Абсолютно равнодушная к этому массовому исходу беглецов, которые не проявили даже элементарной вежливости, — попрощаться с государыней, Александра ждала приезда только одного человека. Возвращения своего горячо любимого супруга. Где он? Почему ей ничего о нем неизвестно?
Однажды утром она получила телеграмму. Николай возвращался в Могилев, чтобы попрощаться с войсками. Александре стало сразу легче. Значит, на самом деле, Николай отрекся от престола. Слава Богу. Значит, он — жив и здоров, скоро вернется... Да, конечно, его царствование завершилось, но разве нельзя быть счастливыми и без царства?
Легкая улыбка тронула ее губы на бледном лице. Царствовать — дело не очень простое, да и не очень приятное... Они оба еще довольно молоды. Их обоих впереди ждет спокойное, безмятежное счастье. И оно станет для них обоих наградой. Они будут жить скромно, вдали от всего этого шума и гама, который окружает высшую власть с ее тщеславием. Прежде всего следует заботиться о тех кого любишь, не обращать внимания на происки врагов, тех, кто внес свой вклад в крещение России огнем и кровью, и только молиться, молиться за спасение ее...
Александра старалась сохранять хладнокровие.

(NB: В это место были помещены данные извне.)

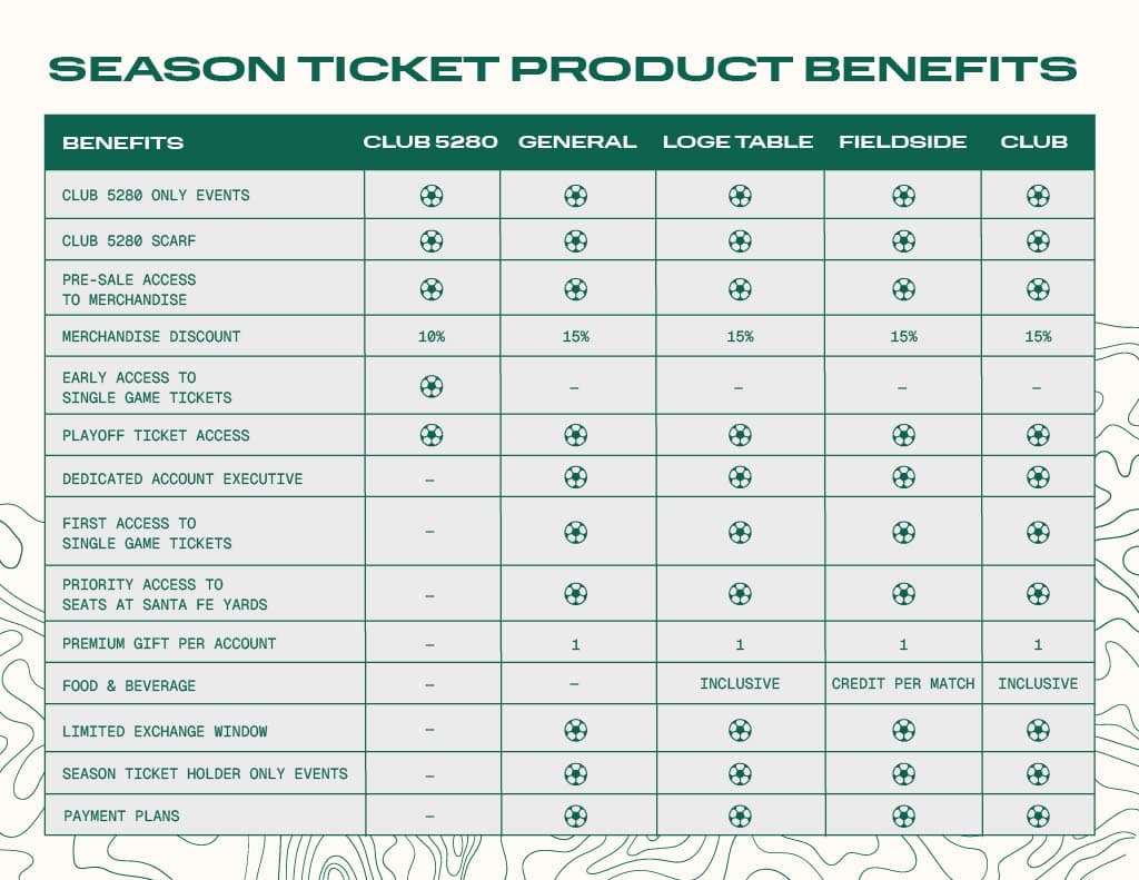 Inaugural season ticket holders will also get first dibs on future season tickets, including when the team moves to its planned stadium at Santa Fe Yards.
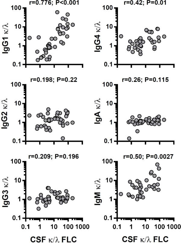 Correlation between cerebrospinal fluid (CSF) free light chain (FLC) and intact immunoglobulin κ:λ ratios. Correlations are shown between CSF FLC κ:λ ratio and the κ:λ ratio of CSF immunoglobulin (Ig)G1, IgG2, IgG3, IgG4 and IgM; Spearman correlations.
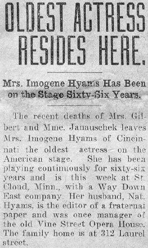 leaves Mrs. Imogene Hyams of Cincinnati the oldest actress on the

Она тяжело вздохнула, ее высокая грудь, вздрогнув, опустилась.
— Ведь сам Господь доверил нам святую Русь, — размышляла она, — и нужно постоянно, бдительно следить за ней, как за капризным ребенком.
Перед дворцом остановился автомобиль. Как поздно, однако, 2 часа ночи. Александра все еще стояла на своем постоянном ныне посту, у окна, вот уже несколько дней ожидая чудесного мгновения, когда за стеклом появится знакомый силуэт ее горячо любимого мужа. Она прильнула к оконному стеклу. Какие-то люди вышли из автомобиля. Несколько военных, один гражданский, хмурый, с бородкой. У всех на папахах — алые ленточки, — обязательный теперь признак революционной принадлежности. Последний оставшийся в дворце часовой у решетки преградил им дорогу. Бородатый потребовал, чтобы тот ему отдал воинскую честь. Кто же он такой? Через несколько минут царица все узнает.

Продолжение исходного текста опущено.